Agreed. @rcosentino if it's true that you assembled these reads into a genome, and then re-aligned the same reads to that genome as reference and called variants, then the only two possibilities should be:
(1) homozygous allele: shows up as reference call when realigned to own assembly
(2) heterozygous allele: shows up as heterozygous variant call when realigned to own assembly
How are there no "reference" (present in assembly) alleles present at your variant calls? It seems impossible that these reads are aligned to their own genome assembly, outside of alignment issues. For each of these positions, shouldn't the allele present in the reference just be the "alternate" allele that freebayes calls?

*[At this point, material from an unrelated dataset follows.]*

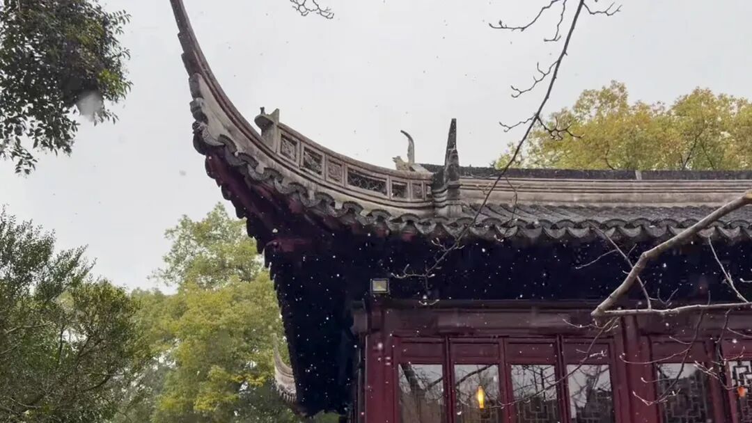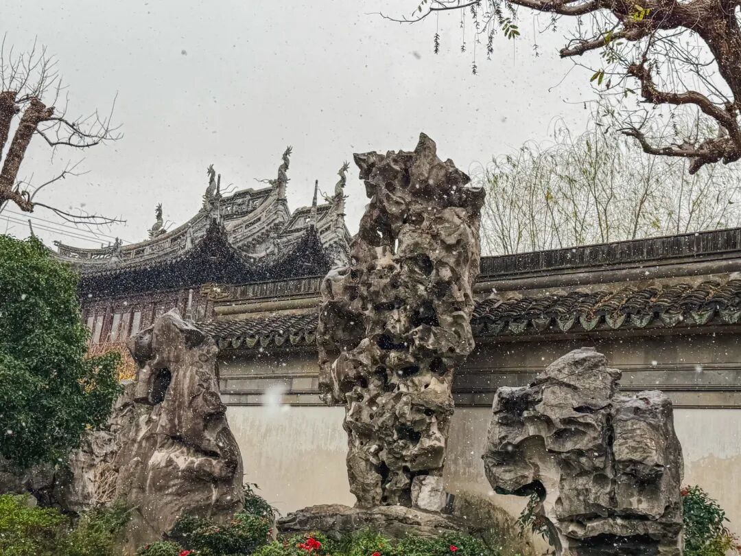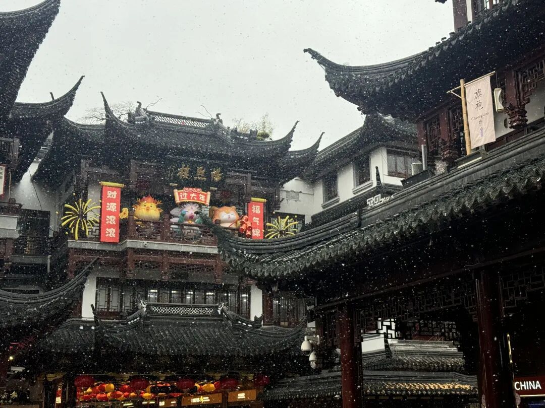 这场雪不仅为摩登都市披上了一层梦幻的银纱,更在市中心的豫园勾勒出一幅独属于江南的冬日诗意画卷。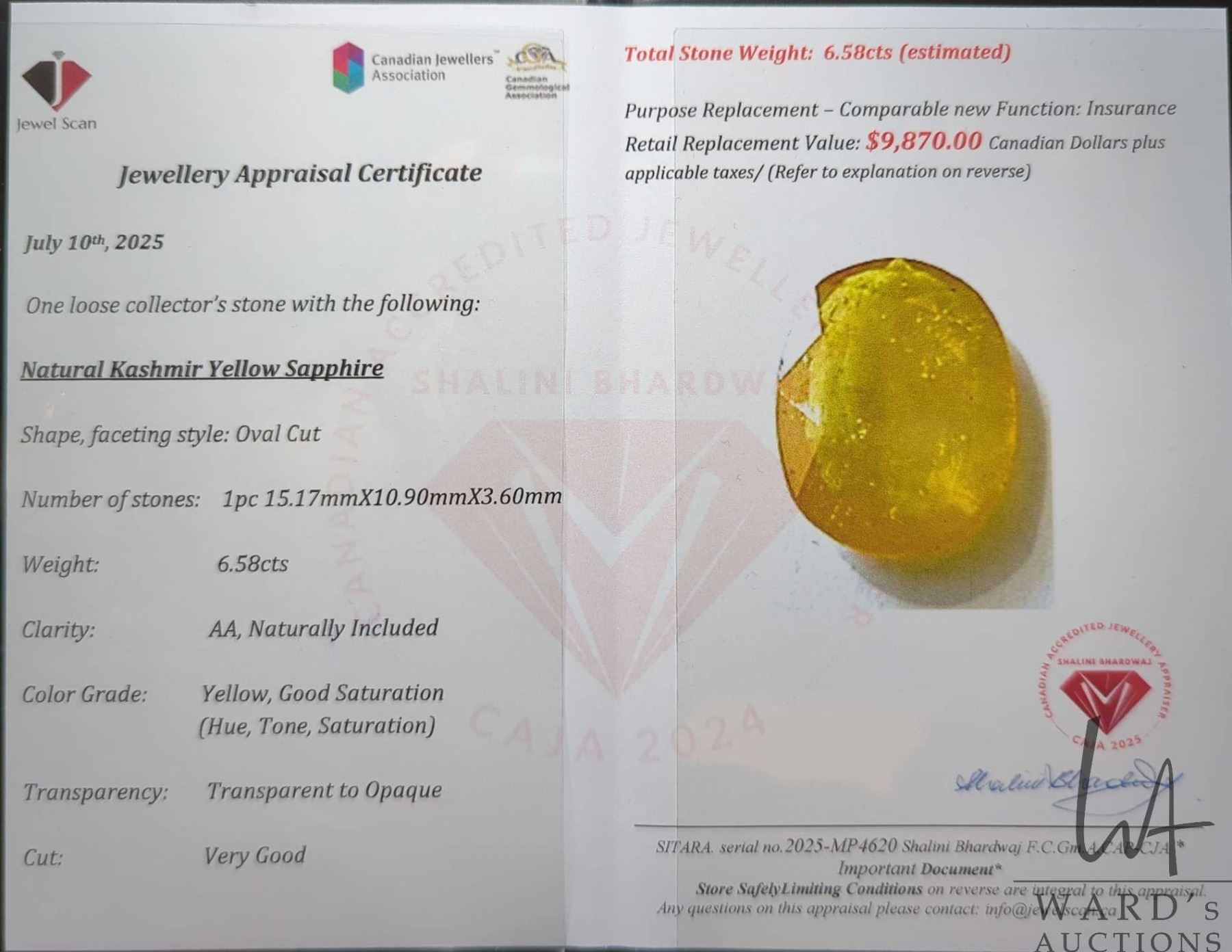 6.58 ct certified Yellow Sapphire gemstone, Certificate provided by consignor

Thanks for your answers @nh13 and @pjedge . I posted an issue on the freebayes site (freebayes/freebayes#374). About your questions @pjedge , I am not sure If I understood them ... the VCF file does has alleles for REF in every variant call ... Could it be that you looked at the wrong column (the previos column (ID column) is the one that has missing values, '.') or did I misunderstood the question?
If you look at the AD field (third field in the last column), I'm mostly seeing things like 0,34 -- this means 0 reference, 34 alternate.
Also, it's strange to me that despite those allele counts, the calls are 0/0. Although I suppose the qualities are very low.
Yes, something is wrong, probably my mistake, but I don't know what and how to fix it, let see if the people from freebayes give me some hints.
Out of topic, what do the values in the ".htrans_model" output file represent?